# taz.de -- Nachruf auf Sidney Poitier: Der Mann, der Mister Tibbs war
       
       > Der Vorwurf, er sei doch nur der schwarze Star, den das weiße Publikum
       > liebe, traf ihn schwer. Nachruf auf den großen Schauspieler Sidney
       > Poitier.
       
 (IMG) Bild: Blitzende Augen, geschliffene Stimme: Sidney Poitier, etwa 1965
       
       „You think of yourself as a colored man“, sagt John Prentice, gespielt von
       Sidney Poitier, zu seinem Vater, „I think of myself as a man.“ Vielleicht
       der Kernsatz in „Guess who’s coming to dinner“, [1][Stanley Kramers] Drama,
       das wie kein Film zuvor die Liebe zwischen Menschen mit verschiedenen
       Hautfarben thematisierte. Zum Zeitpunkt seiner Entstehung waren Ehen
       zwischen Weißen und Nichtweißen in 17 Bundesstaaten der USA illegal.
       
       Im Jahr 1967 waren drei den Rassismus thematisierende Filme mit dem
       bahamasstämmigen Schauspieler erschienen, der auch die
       US-Staatsbürgerschaft hatte. Neben dem genannten Drama spielte Poitier in
       „To Sir, With Love“ einen Aushilfslehrer in London, der sich den Respekt
       seiner weißen Schüler:innen erkämpft, und in „In the Heat of the Night“
       einen Polizisten, der sich mit einem rassistischen Kollegen (Rod Steiger)
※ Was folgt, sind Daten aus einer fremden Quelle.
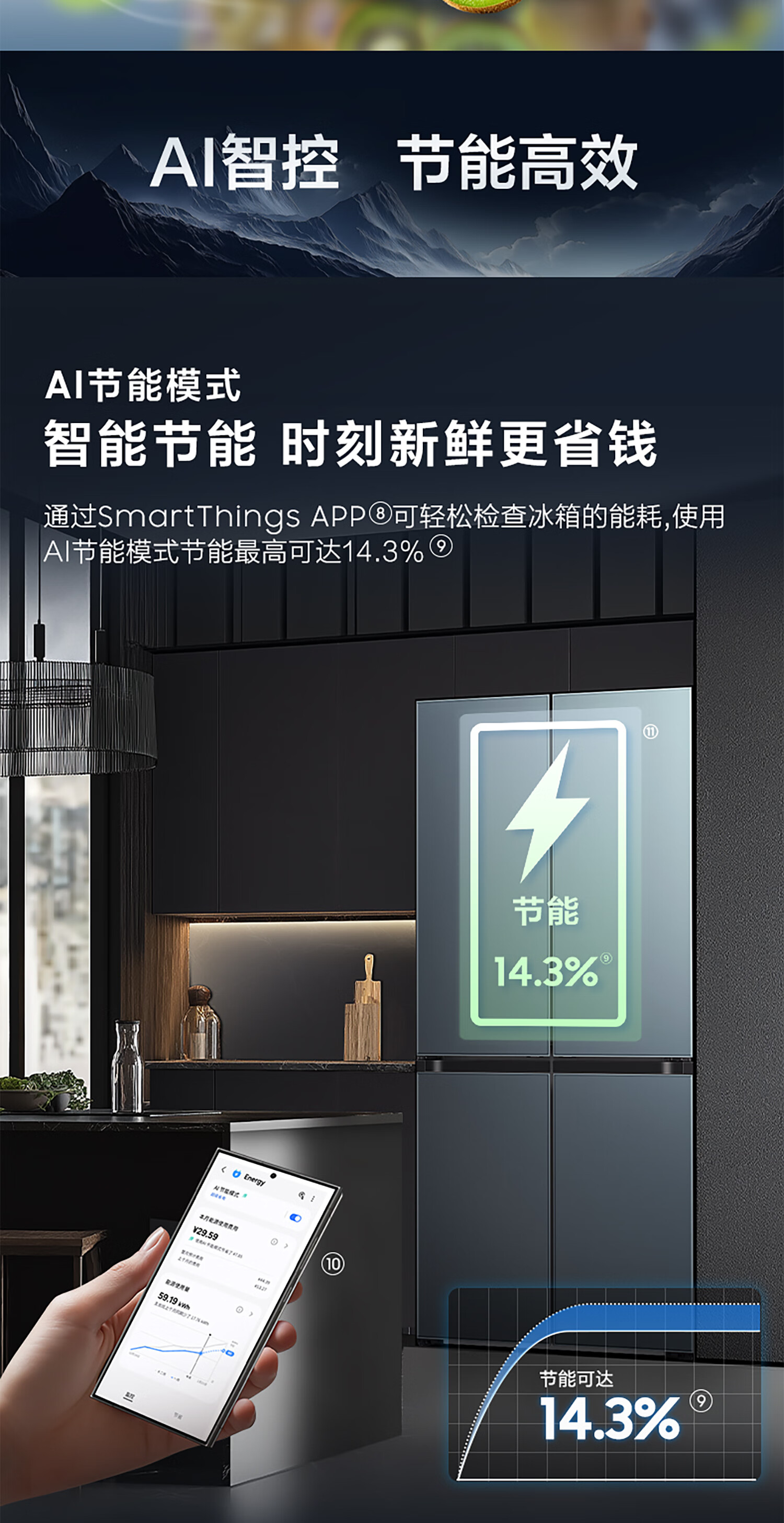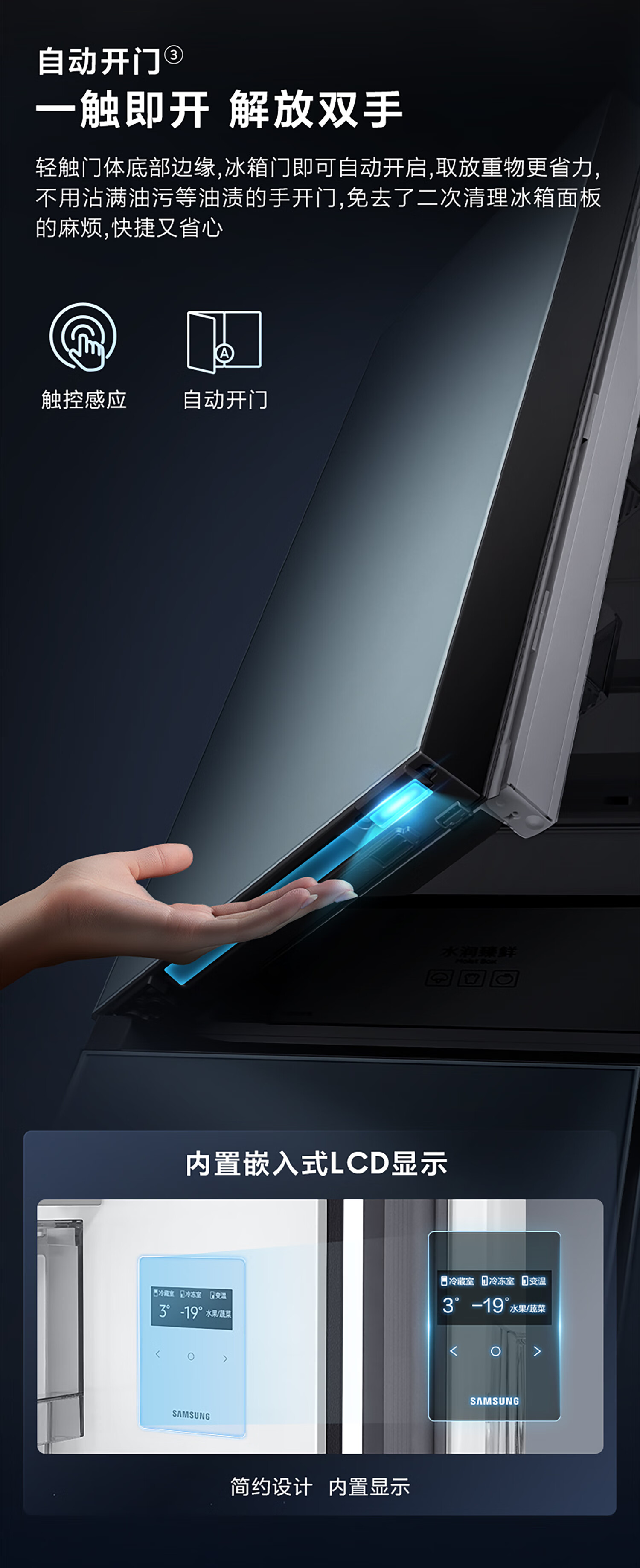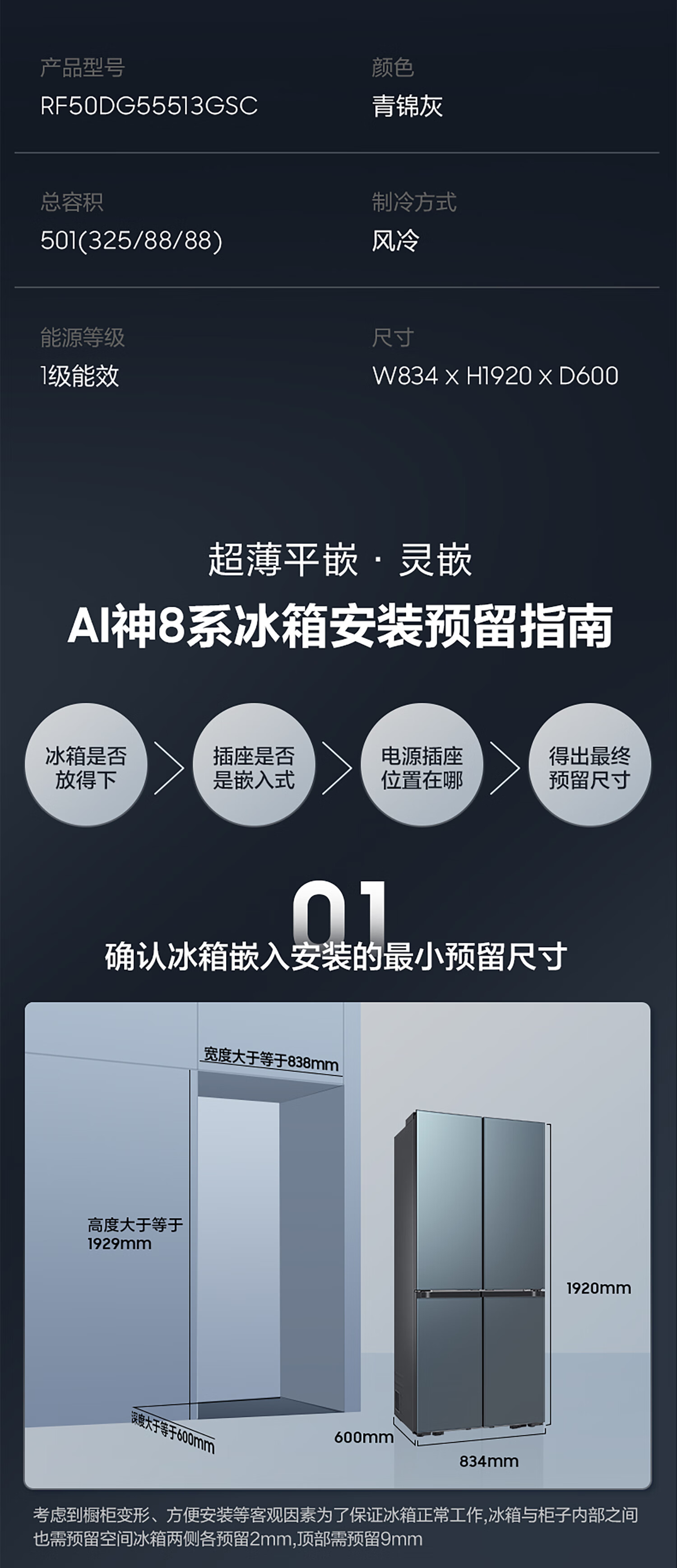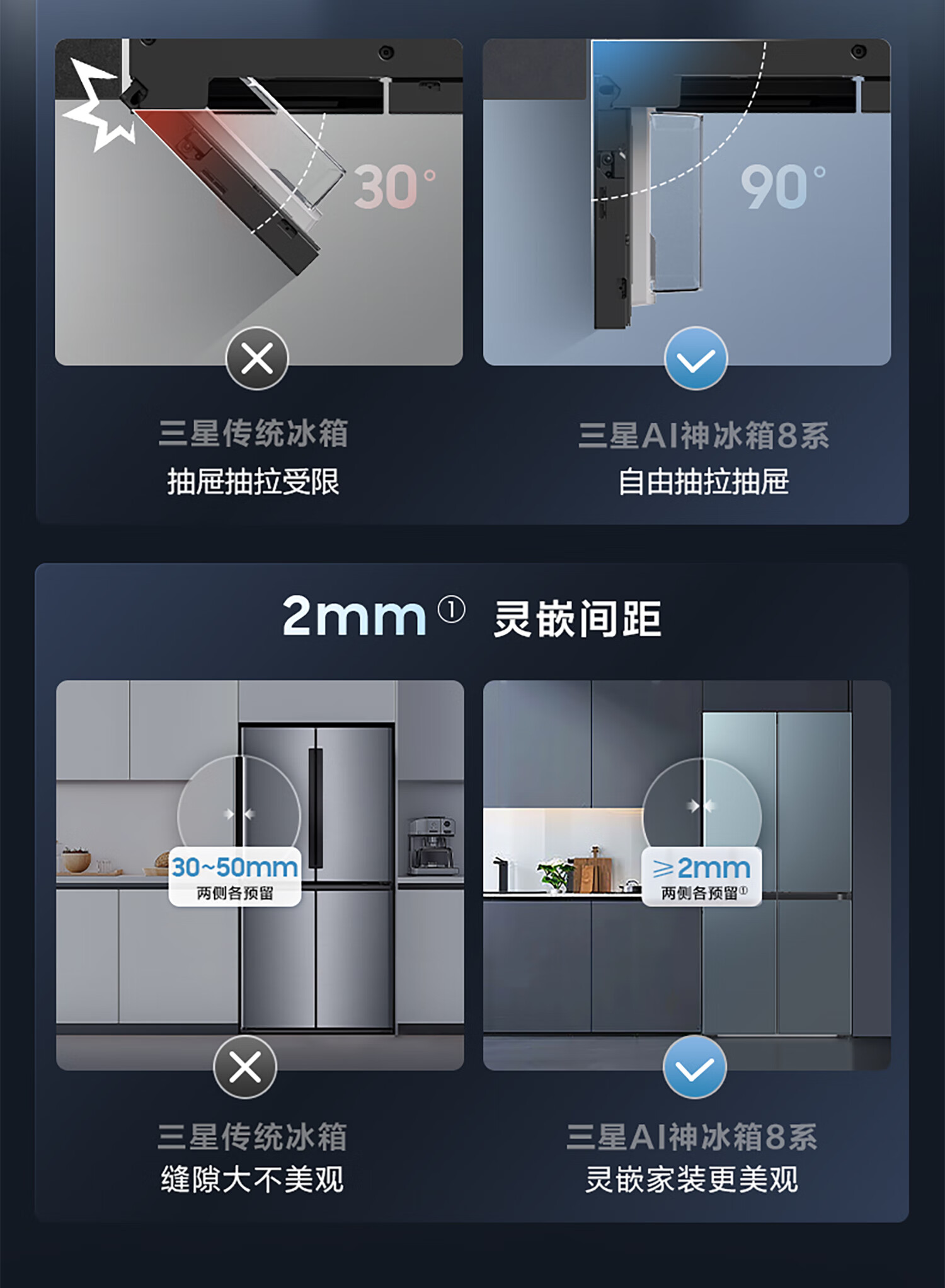 三星(SAMSUNG) AI神冰箱8系尊享款三循环超薄零嵌自动开门 RF50DG55513GSC 501L 青锦灰(单位:件)

       herumschlagen muss.
       
       „They call me Mister Tibbs!“, sagt Poitier zu ihm, nachdem Steiger ihn
       rassistisch beleidigt, mit blitzenden Augen und jener geschliffenen Stimme,
       die sein Markenzeichen war.
       
       Seine Sprachmelodie hatte sich der eigentlich unmusikalische Poitier beim
       Radiomoderator Norman „Sir Silken Speech“ Brokenshire abgeschaut. Poitier
       arbeitete seit 1947 als Schauspieler, zunächst auf Theaterbühnen, ab 1950
       im Kino. In „Paris Blues“ spielte er 1961 einen emigrierten Jazzmusiker: In
       dem atmosphärischen Drama machen die schwarze Connie (Diahann Carroll) und
       ihre weiße Freundin Lillian (Joanne Woodward) Urlaub in Paris und stoßen
       auf Eddie (Poitier) und Ram [2][(Paul Newman).]
       
       Eigentlich sollten daraus zwei schwarz-weiße Paare entstehen. Der
       Produktionsfirma war das jedoch zu revolutionär, was Poitier nach
       Erscheinen des Films stark kritisierte. In der Endfassung gibt es zwar ein
       Geplänkel zwischen Ram und Connie, dann verliebt sich der weiße Mann jedoch
       in die weiße Frau, und Eddie hat ein Téte-à-Téte mit Connie.
       
       ## Als Bürgerrechtler aktiv
       
       In einer Szene wirft Connie ihm vor, sich in Frankreich zu verstecken: „Ich
       will, dass wir nach Hause gehen“, sagt sie, „und das ändern, was wir ändern
       müssen!“ „Mir ist die Sache egal“, gibt Eddie zurück – und die Beziehung
       scheitert an seinem fehlenden politischen Interesse.
       
       In Wirklichkeit blieben die beiden Schauspieler:innen ein paar Jahre
       zusammen. Und Poitier, der 1963 für „Lilies of the Field“ als erster
       schwarzer Schauspieler mit einem Oscar ausgezeichnet wurde (nachdem er 1958
       für „Flucht in Ketten“ als erster eine Oscar-Nominierung bekam) war zeit
       seines Lebens aktiv in der Bürgerrechtsbewegung.
       
       Vorwürfe wie die des schwarzen Dramatikers Clifford Mason 1967, Poitier sei
       nur „the Negro movie star that all white America loves“, trafen den
       Künstler schwer. In den 70ern begann Poitier, Regie zu führen, und feierte
       1980 einen Erfolg mit der überkandidelten Komödie „Zwei wahnsinnig starke
       Typen“.
       
       Neben vielen weiteren Preisen wurde er 2001 mit dem Ehren-Oscar geehrt. Am
       Donnerstag starb Poitier, der aus zwei Ehen sechs Töchter hatte, im Alter
       von 94 Jahren. Seine wohltönende Stimme wird ebenso im Ohr bleiben wie
       seine Inhalte: Es heißt „Mr. Tibbs“. Und nichts anderes.